Previous Results and Research Plans

Finite Ordered Sets: Structural Complexity and Ordered Sets

It has been a long-standing problem to ``characterize'' those finite ordered sets for which every order-preserving self map has a fixed point, beginning with the elegant lattice-theory results of Knaster, Tarski, and Davis. More recently, an algorithmic approach has been important, such as with the idea of dismantlability. A satisfying characterization of finite structures is often associated with a polynomial-time algorithm; our result shows that this may not be possible.
Theorem It is NP-complete to determine if a given ordered set has an order-preserving fixed-point-free self-map.
Some interesting problems remain, for instance:
Is there a natural self-computation for FPFMAP?
Applying a graph theoretic result [A. Lubiw 1981], it can be shown, even for length one, that it is NP-complete to determine if a given ordered set has a fixed-point free automorphism. We resolve the complexity of FPFMAP with a construction of length six, yet FPFMAP is polynomial for ordered sets of length one. It is of interest, therefore, to resolve the complexity of FPFMAP for ordered sets of length three, in particular. At about the same time as Lubiw's result, topologists and combinatorists became interested in the following question also concerning the structural complexity of order:
Are two given order-preserving maps homotopic?
I will continue investigation into the above problems using constructive methods and the current interactive proof techniques.

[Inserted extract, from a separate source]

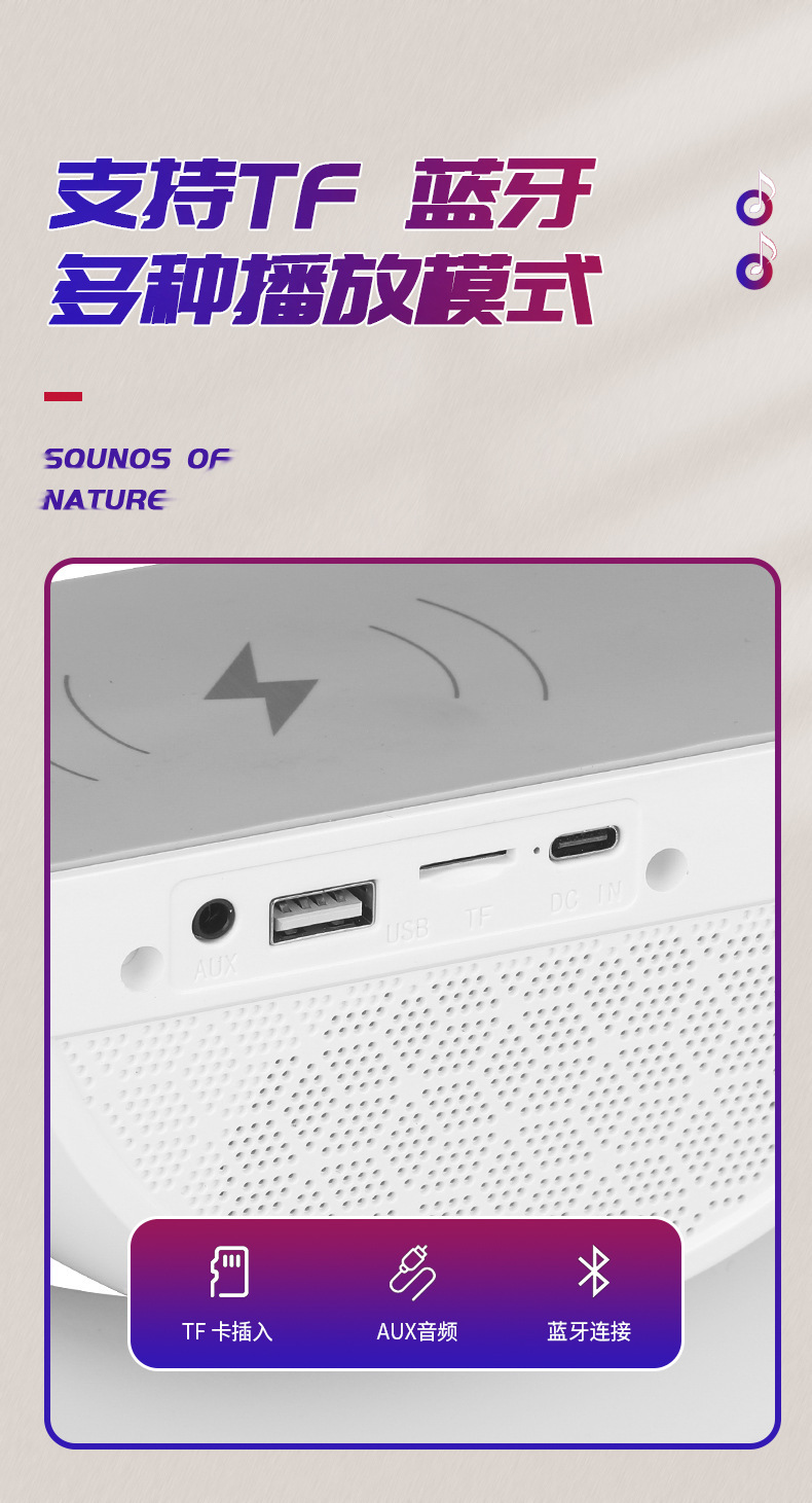 Cross-Border Wireless Charging Bedside Lamp Atmosphere Lamp Multi-Functional Speaker Smart Bright Nightlight Bluetooth Audio Desktop Light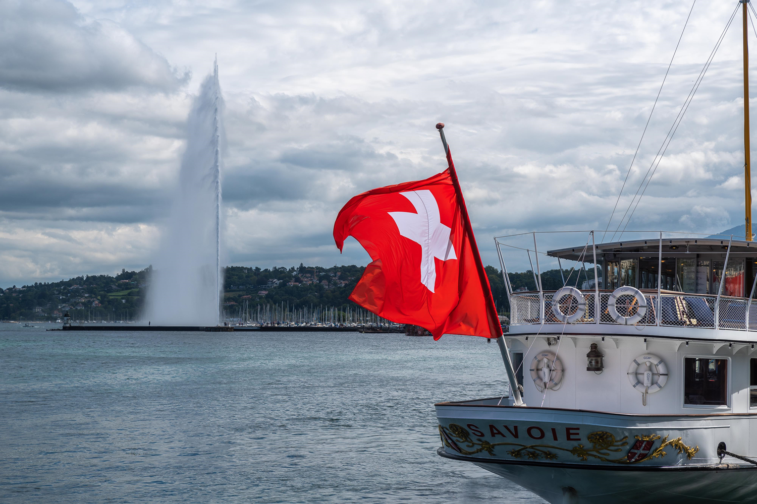 Le jet d'eau (140 m) sur le lac Léman et un bateau à aubes le long des quais.

Infinite Ordered Sets: Chains, Antichains, and Partitions

Coloring Maximal Chains and Antichains

The most commonly studied substructures of an ordered set are its chains and antichains. A cutset is a subset of an ordered set that meets every maximal chain (dually, a fibre is a subset that meets every maximal antichain). Given an ordered set $P$, one can ask how large a cutset or fibre must be; for instance are $|P|/2$ elements necessary? From this question, one is led to consider 2-colorings for which every maximal chain (or antichain) receives both colors. From this viewpoint, one is reminded of Ramsey theory, and, in fact, Ramsey-type arguments play a strong role. Let us state the problem in a slightly more general fashion:
Given an ordered set, how many colors are needed so that each maximal chain (or antichain) receives at least two?
Early results [Duffus, Rödl, Sauer, and Woodrow, 1992] used an Erdös-Rado Ramsey theorem, thereby producing rather large examples. We have made considerable progress in finding smaller and more natural examples by exploiting properties of cartesian products of chains with gaps [D. Duffus, T. Goddard 1995 (accepted), 1996 (preprint)]:
Theorem There is a two-dimensional ordered set of cardinality $\aleph_1$ for which every subset or complement thereof contains a maximal chain. This holds even in ZFC.
Moreover, these techniques can be applied to the dual question to give the first results for 2-coloring maximal antichains in infinite ordered-sets:
Theorem There is a two-dimensional ordered set of cardinality $2^{2^{\aleph_0}}$ that must be colored with infinitely many colors before no monochromatic maximal antichains are present.
Still, much remains; for instance, is there an ordered set of size $\aleph_1$ for which every finite coloring leaves monochromatic maximal chains?

Aharoni's Conjecture

Dilworth's theorem is perhaps the best-known order-theoretic result, a generalization of which is the Greene-Kleitman theorem. When one considers the structural nature of such results, one is led to questions such as the following, raised by Aharoni and Korman:
Given an ordered set with no infinite antichain, does there exist an antichain partitition and a chain so that the chain meets each member of the partition?
This problem is believed to be very challenging; our positive result holds in a rather special situation.
Theorem If $C$ is any chain and $P$ is any finite ordered set, then $C \times P$ can be partitioned into antichains in such a way that there is a common chain meeting each of them.
I will continue by seeking results in other special cases, as the full problem has a strong connection with the König Duality theorem (so called by Aharoni and Korman), a deep result which is the product of a substantial body of work.

Pedagogy: Mathematics Classrooms On-line

How can networked computers improve mathematics education?
The World Wide Web is rapidly becoming a fixture in the academic and commercial spheres, however few resources exist to support the mathematics education of secondary and college students. We must experiment with hypertext and electronic interaction to see how they can enhance learning.

Currently [ http://sirius.mathcs.emory.edu/~goddard/math112] we have a message board for the class, along with assignment updates, the class syllabus, and even final grades. The system is very flexible. The main problem lies with making it approachable for students with little or no experience with computers; this will require progressive refinement.